FWIW, Partridge, A Dictionary of Historical Slang, has:
A slubberdegullion was a “dirty and/or slobbering fellow” and slobgollion was an “oozy, stringy substance found in sperm oil”.
The reference to “H.” is Hotten’s The Slang Dictionary (1859).
It goes back at least a century for sure. There was a HUGE mud slide in southwestern Colorado in the mid-1800s. The slimy yellowish mud earned it the name Slumgullion Slide, and the pass through there is known as Slumgullion Pass. The signage at the overlooks indicates that the term was somewhat akin to “gulash”.
It kinda depends on what meaning of the various variations of the word you’re trying to use.
For the food term, chiefly US in origin, it was a stew or hash of sorts, watery usually, and cited well back into the mid-1800’s It certainly was intertwined with the mining meaning, which was the dross left in the sluiceway.
This is the Slumgullian Pass section of CO Hwy 149. The slide has started to sprout some trees, but it is still obvious in the photo, and much more so on the ground. Lake San Cristibol in the lower left did not exist prior to the mud slide, the slide dammed the valley below and created the lake.
My Dad calls any kind of stew, Slumgullion. There is a bit of a “I don’t like it” tinge.
That sounds a lot like “Jamboree Mulligan”, a kind of stew we used to make on Boy Scout camping trips.

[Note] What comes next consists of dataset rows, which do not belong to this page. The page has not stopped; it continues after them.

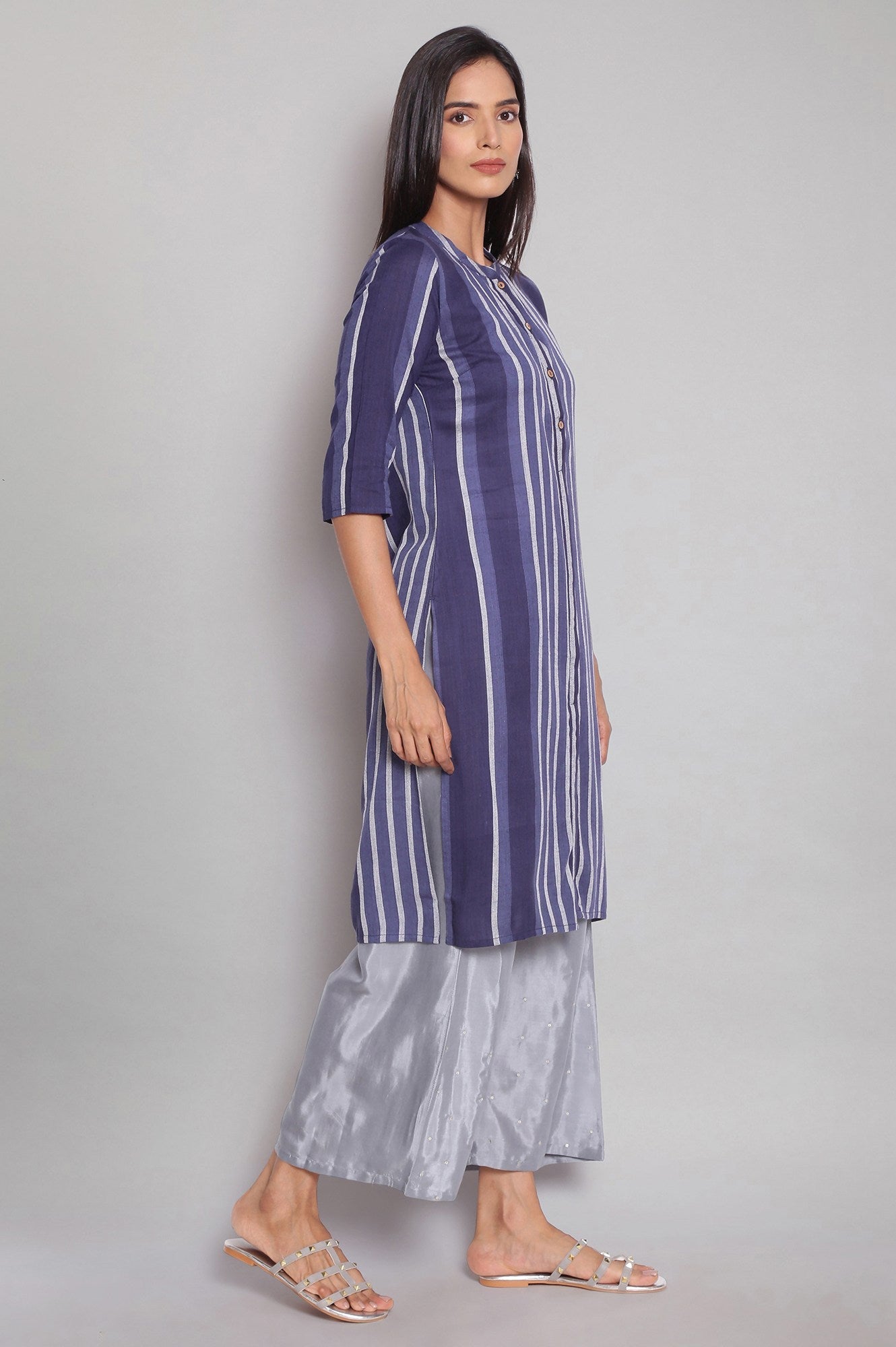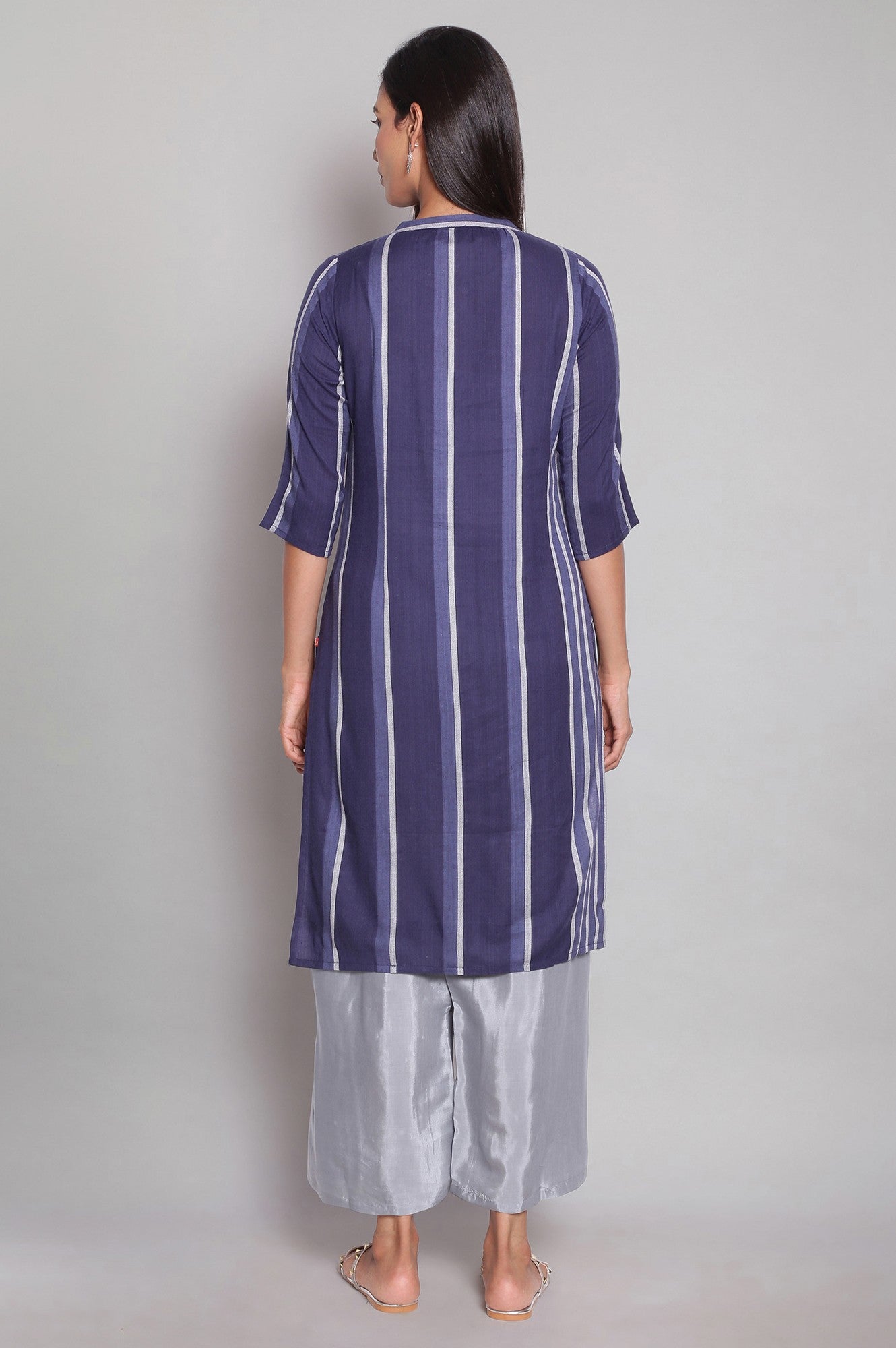 Amp Up Your Casual Wardrobe With This Yarn-Dyed Blue Stripes kurta. Designed In Straight Silhouette The kurta Has Mandarin Collar And Three-Quarter Sleeves.
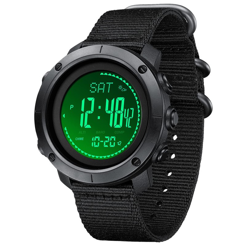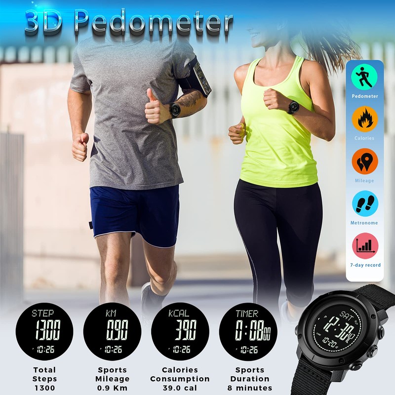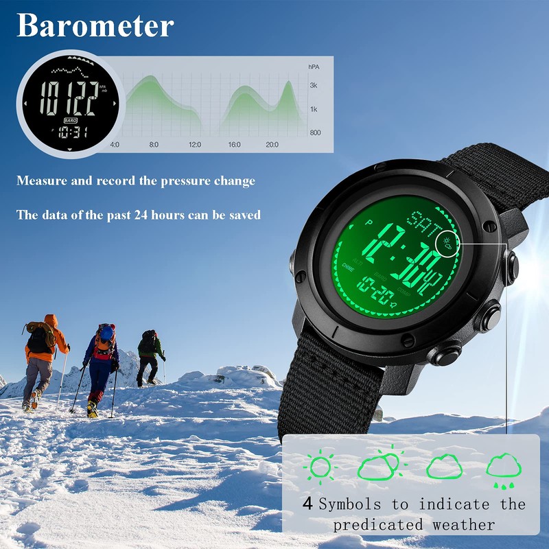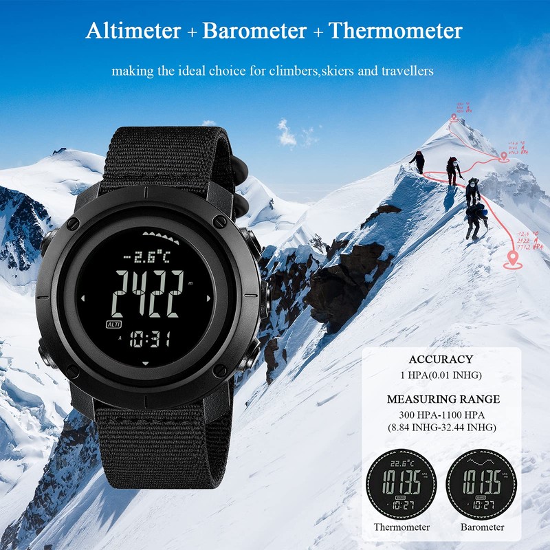 - Military Watch : Built-in altimeter (-700~9000m) + barometer (300~1100hPa) + compass (±1°)+Thermometer(-10~60℃); Get altitude, ambient air pressure and your heading,And predict weather trends through data,Real-time control allows you to change itinerary,Tactical watches for climbers, skiers, outdoor traversers, hikers,etc.
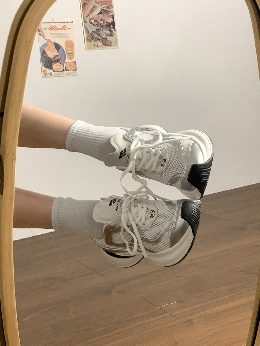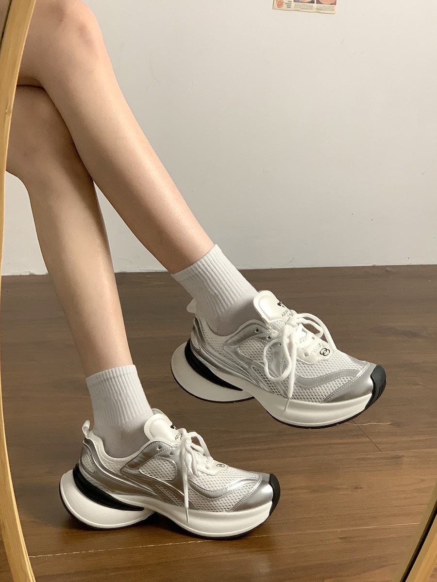 여성용 아빠 신발 2025년 신상 여름 얇은 통기성 메쉬 여성 신발 두꺼운 밑창 실버 스트리트 스타일 스포츠 캐주얼 신발스토어 가기
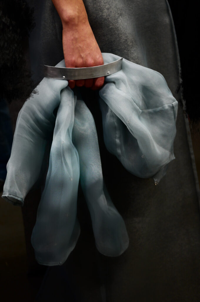 “I work with tape because my mother works in film, and she always came home from set with bits of tape stuck to her clothes. I wanted to bring that material into my practice. I use it to create spontaneous blur and draping, and in the collection every taped area becomes a silk satin insert. It turns into a luxurious detail that gives value to the garment and also connects pieces to one another.
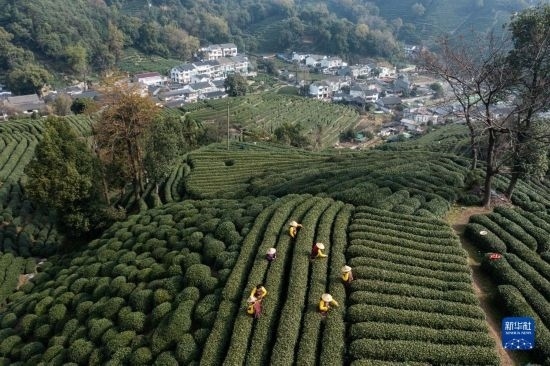 3月13日,梅家塢村的茶農(nóng)在采摘西湖龍井“明前茶”(無人機(jī)照片)。
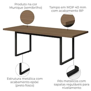 Materiais: Estrutura e pés metálicos, tampo em MDP.
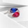 Bague Toi & Moi Avani en or blanc, serti d’un saphir bleu intense et d’un spinelle rouge accompagnés de diamants baguette.
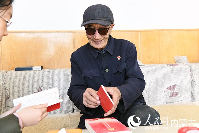 斯仁塔日娃灰撲撲的褲子上沾滿了泥土,在他身前放著三冊紅色書籍。“這本是《黨的基本知識(shí)蒙漢語對照學(xué)習(xí)手冊》,”斯仁塔日娃捧著書介紹,“這兩本是黨的十九大報(bào)告和《黨章》,每天晚上我就坐在這兒,點(diǎn)著燈看一會(huì)兒。”老人的笑容慈祥而真摯。
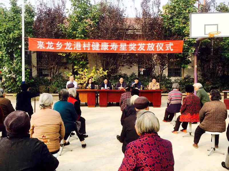 潢川县来龙乡龙港村举行孝善基金健康寿星奖发放仪式
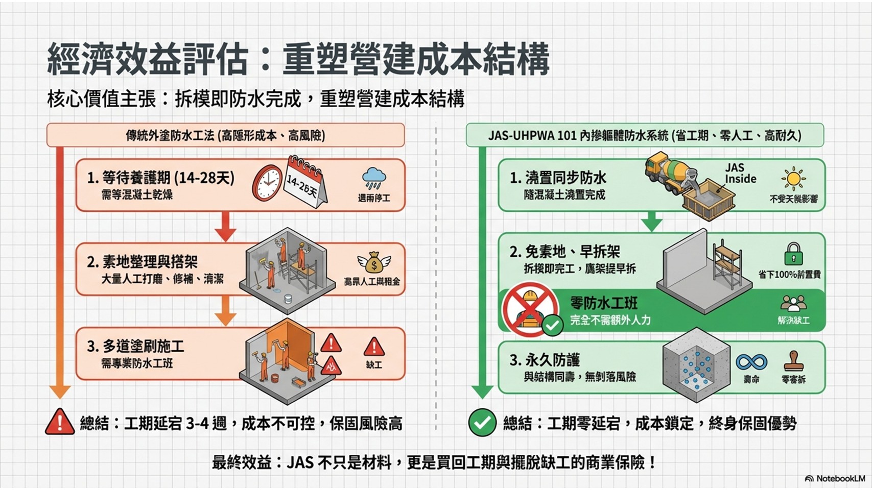 JAS-UHPWA 101 所代表的,是一種以耐久設計(Durability-driven design)為核心的材料思維。防水不再是附加工程,而是結構本身的設計條件。
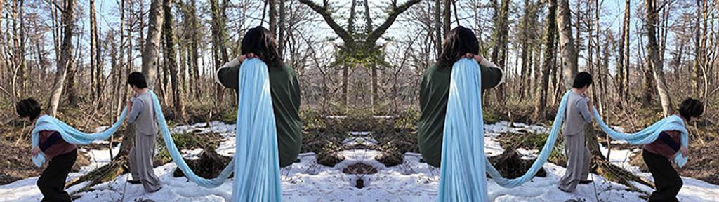 Das Kollektiv AMO (Aki Namba, Mary Maggic, Oi Pui Hoang) erkundet im Film “Cosmic Forest, Cosmic Home” in der Landschaft von Okayama, Japan die porösen Beziehungen zwischen den Wirklichkeiten – das Sichtbare und das Unsichtbare, das Vergangene und das Gegenwärtige, der Körper und das Land, das Land und die Zugehörigkeit. Die Erkundung nimmt Bezug auf Traditionen des Shinto, Buddhismus und Animismus, in denen das Bewusstsein und eine Verbindung zur Natur verkörpert sind. Das sind Traditionen, die in einer kapitalistischen Zeit zunehmend verblassen.
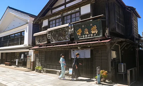 当時の蔵を利用したモダンなカフェで一休みしたり、お気に入りの歴史的な建物を背景に最高の一枚を撮影したり。
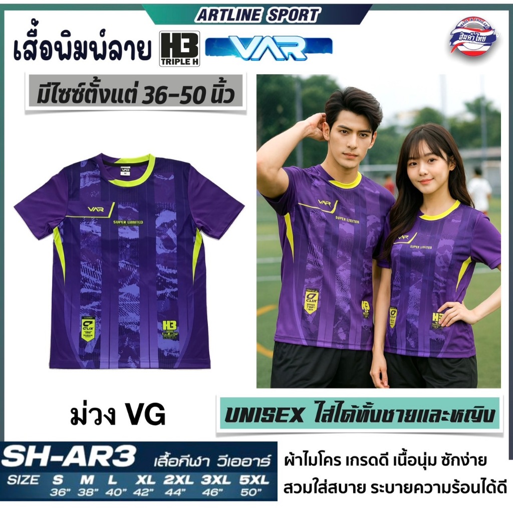 H3 SPORT เสื้อกีฬาพิมพ์ลาย รุ่น VAR-3 By H3. เนื้อนุ่ม ใส่สบาย (สินค้าไทย) - เสื้อกีฬาพิมพ์ลาย รุ่น VAR-3 BY H3 Spo

I make a delicious casserole out of elbow macaroni, ground beef, tomato sauce, Velveeta cheese, and a couple of other things, which according to the recipe book whence it came is called “Slumgulion,” or a similar spelling.
There are no slums in Springfield, so I call it Ghetto-gulion.
The term surely goes back further than 1870. Mark Twain quotes someone on the western stage route using it when he went west circa 1860 in his book “Roughing it”. Twain wrote that book as a recollection much later, but I think he’s reporting accurately.